TASK TO CARRY OUT - The expected output is exactly the lines below, starting at the line with "Prosta, minimalistyczna forma" and ending at the line with "新華社記者 黃國保 攝", both included; no other line belongs in it.

SOURCE MATERIAL -
══════════
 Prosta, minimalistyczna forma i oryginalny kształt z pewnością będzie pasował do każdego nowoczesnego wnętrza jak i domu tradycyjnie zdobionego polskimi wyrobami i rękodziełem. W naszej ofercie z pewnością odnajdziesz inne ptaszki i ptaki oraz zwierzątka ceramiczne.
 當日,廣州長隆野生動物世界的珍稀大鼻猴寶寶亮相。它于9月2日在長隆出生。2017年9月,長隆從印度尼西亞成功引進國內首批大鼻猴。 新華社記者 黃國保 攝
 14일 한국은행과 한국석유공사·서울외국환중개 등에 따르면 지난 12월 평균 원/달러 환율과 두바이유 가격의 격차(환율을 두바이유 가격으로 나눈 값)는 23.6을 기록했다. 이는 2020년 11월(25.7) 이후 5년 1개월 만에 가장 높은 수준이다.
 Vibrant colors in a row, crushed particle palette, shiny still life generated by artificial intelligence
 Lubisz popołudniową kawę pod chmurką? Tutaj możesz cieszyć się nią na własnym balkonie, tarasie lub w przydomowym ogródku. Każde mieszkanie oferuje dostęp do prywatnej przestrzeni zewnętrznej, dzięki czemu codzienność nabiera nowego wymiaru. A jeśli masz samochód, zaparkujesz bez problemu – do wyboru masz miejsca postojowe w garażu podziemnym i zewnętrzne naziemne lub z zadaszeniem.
══════════
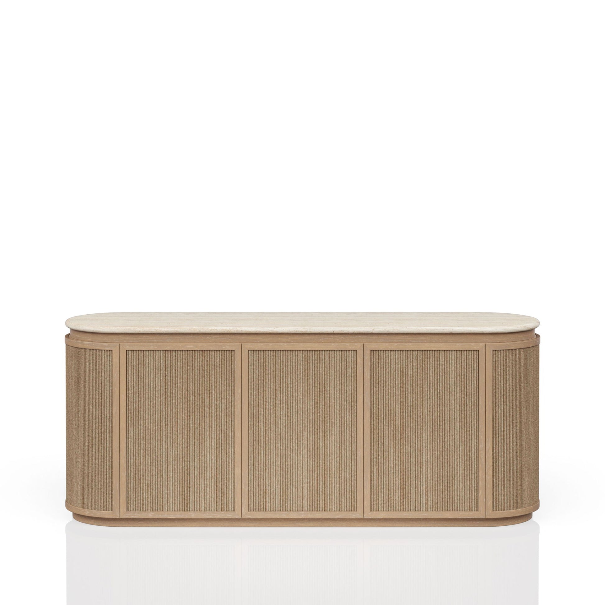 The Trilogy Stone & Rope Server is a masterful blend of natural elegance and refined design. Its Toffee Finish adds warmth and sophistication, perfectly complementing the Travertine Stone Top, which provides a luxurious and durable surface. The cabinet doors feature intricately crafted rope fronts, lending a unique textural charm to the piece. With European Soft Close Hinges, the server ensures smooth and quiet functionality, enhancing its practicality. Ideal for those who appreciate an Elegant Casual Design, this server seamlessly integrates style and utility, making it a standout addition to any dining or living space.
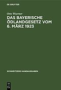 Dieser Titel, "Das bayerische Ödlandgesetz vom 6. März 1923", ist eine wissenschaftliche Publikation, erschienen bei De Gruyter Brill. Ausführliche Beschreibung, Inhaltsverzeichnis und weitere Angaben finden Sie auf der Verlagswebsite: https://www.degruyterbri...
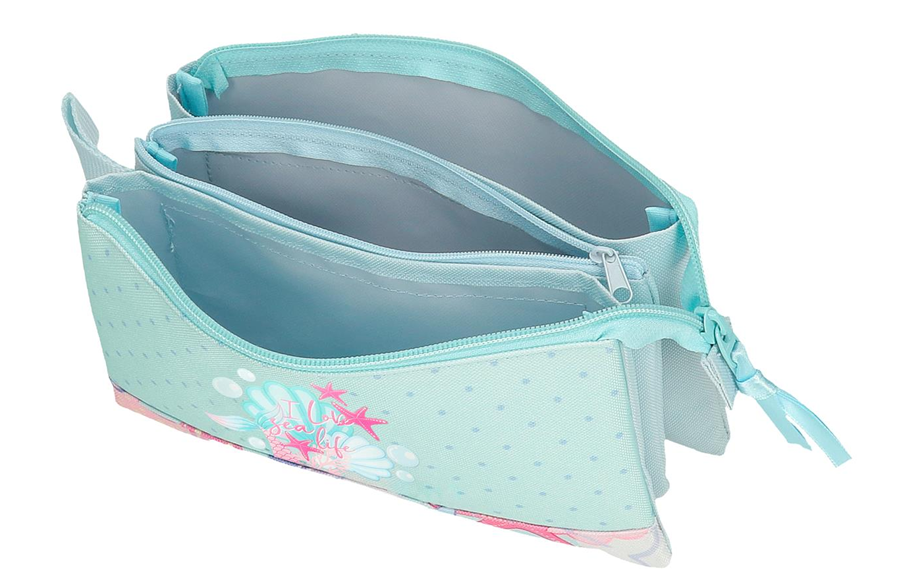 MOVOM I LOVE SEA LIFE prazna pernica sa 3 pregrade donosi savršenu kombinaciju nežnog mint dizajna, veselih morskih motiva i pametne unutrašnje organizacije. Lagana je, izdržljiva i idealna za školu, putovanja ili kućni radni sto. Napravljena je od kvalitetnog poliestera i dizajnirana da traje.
══════════
RESULT -
 Prosta, minimalistyczna forma i oryginalny kształt z pewnością będzie pasował do każdego nowoczesnego wnętrza jak i domu tradycyjnie zdobionego polskimi wyrobami i rękodziełem. W naszej ofercie z pewnością odnajdziesz inne ptaszki i ptaki oraz zwierzątka ceramiczne.
 當日,廣州長隆野生動物世界的珍稀大鼻猴寶寶亮相。它于9月2日在長隆出生。2017年9月,長隆從印度尼西亞成功引進國內首批大鼻猴。 新華社記者 黃國保 攝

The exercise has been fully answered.